沈清垣发现了在书房门边外拖着个枕头偷看的洛望,他起身走过去将那小小的身子抱紧在怀里。
“还要忙好一会儿,是做噩梦了?”沈清垣亲了亲洛望脸颊,抱着她又回到椅子上处理文件。
洛望呆呆点头,靠在沈清垣怀里看他写字,苍劲有力文字带着墨香,骨节干净又修长,往上是隐在光影下分明的轮廓,鼻梁高挺,睫毛不翘很长。
沈清垣的眸色很深,洛望仔细看时才见着,他耳骨处还有几个小得不起眼的耳洞。
那里似乎藏着一个,洛望没见过,凉薄又离经叛道的少年郎。
“还有几页报告就写完了,困么,要不先趴我怀里睡会儿?”沈清垣转眸,神色温和地揉了揉洛望的头发,注意到洛望的视线,神色略微的不自在。
“我还不困,你快点写嘛,不要在转过来和我说话了。”洛望坐在他腿上,伸手把沈清垣扳正,催促他忙工作。
沈清垣淡笑,垂头吻了下洛望的嘴角,继续写着。
九月的梅雨季末,时常还有小雨。
洛望听着窗外淅淅沥沥地雨声,不由往沈清垣怀里又缩了缩,整个身子都挂在他身上。
这样的天气最适合在瓮在棉被里睡觉,洛望盯着沈清垣的侧脸,迷糊地靠在他怀里半梦半醒。

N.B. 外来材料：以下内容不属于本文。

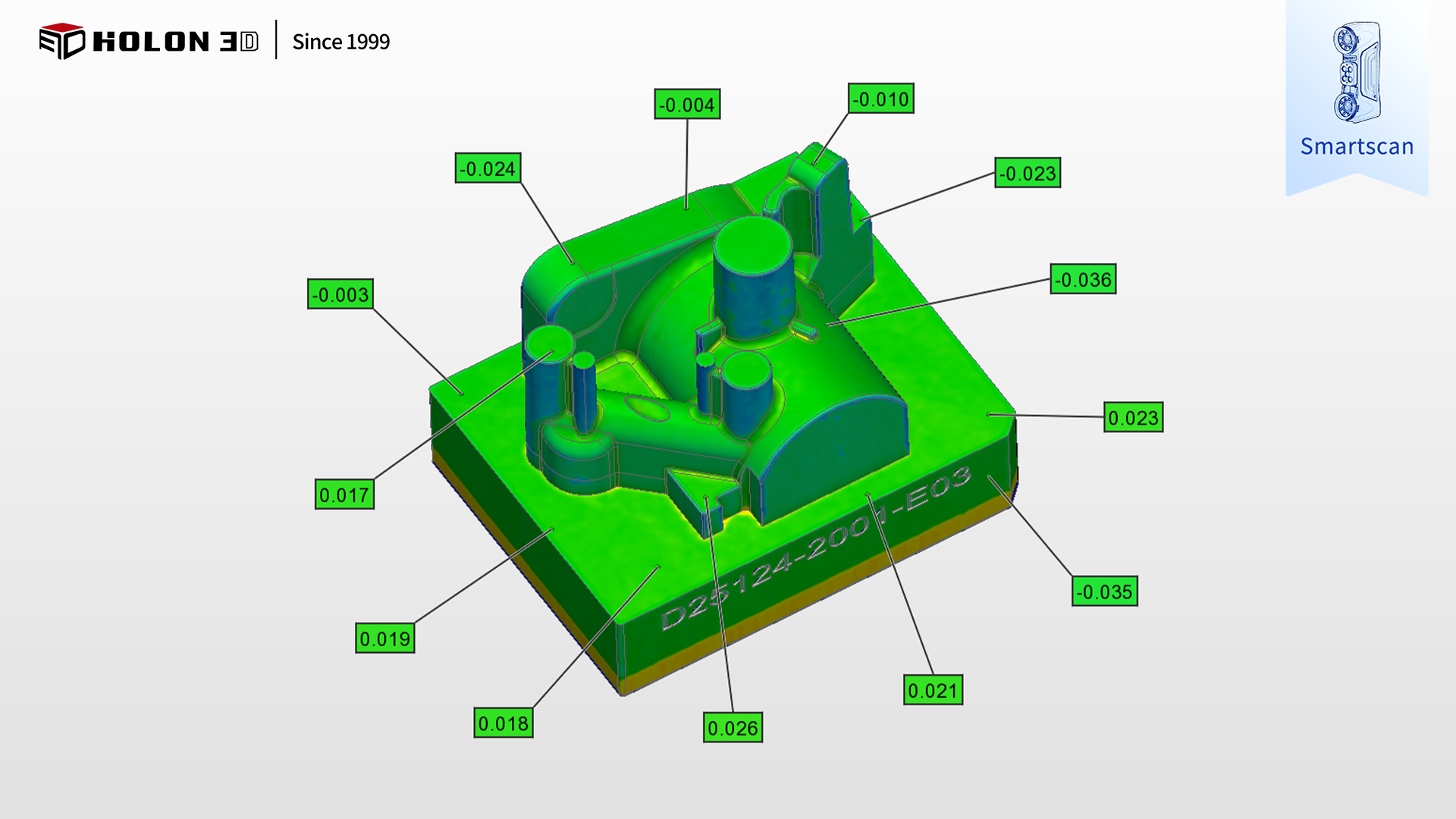 采用 HOLON3D Smart 49 掃描儀可針對(duì)性破解難題,其具備工業(yè)計(jì)量級(jí)精度,搭配全藍(lán)激光技術(shù),無(wú)需特殊預(yù)處理即可適配石墨吸光材質(zhì),精準(zhǔn)捕捉胚體輪廓、型腔細(xì)節(jié)等關(guān)鍵數(shù)據(jù);搭載四種掃描模式,可根據(jù)胚體整體輪廓、型腔內(nèi)部等不同特征靈活切換,配合手持設(shè)計(jì)自由調(diào)整角度,實(shí)現(xiàn)全區(qū)域無(wú)死角掃描;高速無(wú)接觸測(cè)量避免石墨材質(zhì)破損,不受場(chǎng)景約束,僅需粘貼少量標(biāo)志點(diǎn)即可穩(wěn)定輸出高質(zhì)量數(shù)據(jù),掃描數(shù)據(jù)與原始模型比對(duì)生成清晰色譜圖,準(zhǔn)確量化誤差,科學(xué)判定合格性,完全契合客戶需求,為胚體質(zhì)量管控與后續(xù)加工優(yōu)化提供可靠支撐。

恍惚间那位十八九岁的少年穿梭在世俗灯酒间,好看的指节间佩戴着骑士盔甲戒指,耳骨处带着三两个银环,香烟是他唇间的常客,眼眸比夜色更浓稠。
洛望想看清楚他,睁开眼时,少年的模样欲沈清垣的五官重合,只是眉眼间的戾气不知去了那里,只剩宠溺温柔。
“刚才谁说的不困,结果扭头就睡着了,让我抱一抱。”沈清垣眸里带着调笑,脱掉身上的睡衣挤进被子里,揽住还有些睡眼朦胧的洛望。
洛望下意识去抱紧,埋进男人怀里,腿被男人夹着,迷迷糊糊道:“沈清垣……”
沈清垣给洛望裹好被子,侧脸蹭了蹭洛望的脖颈,音线染上睡意:“嗯,我在这里,怎么了。”
窗外的雨声愈大。
洛望靠在他耳边窃窃私语,声音又小又稚气,指尖揉捏着沈清垣的耳骨:“你为什么打耳洞了呀。”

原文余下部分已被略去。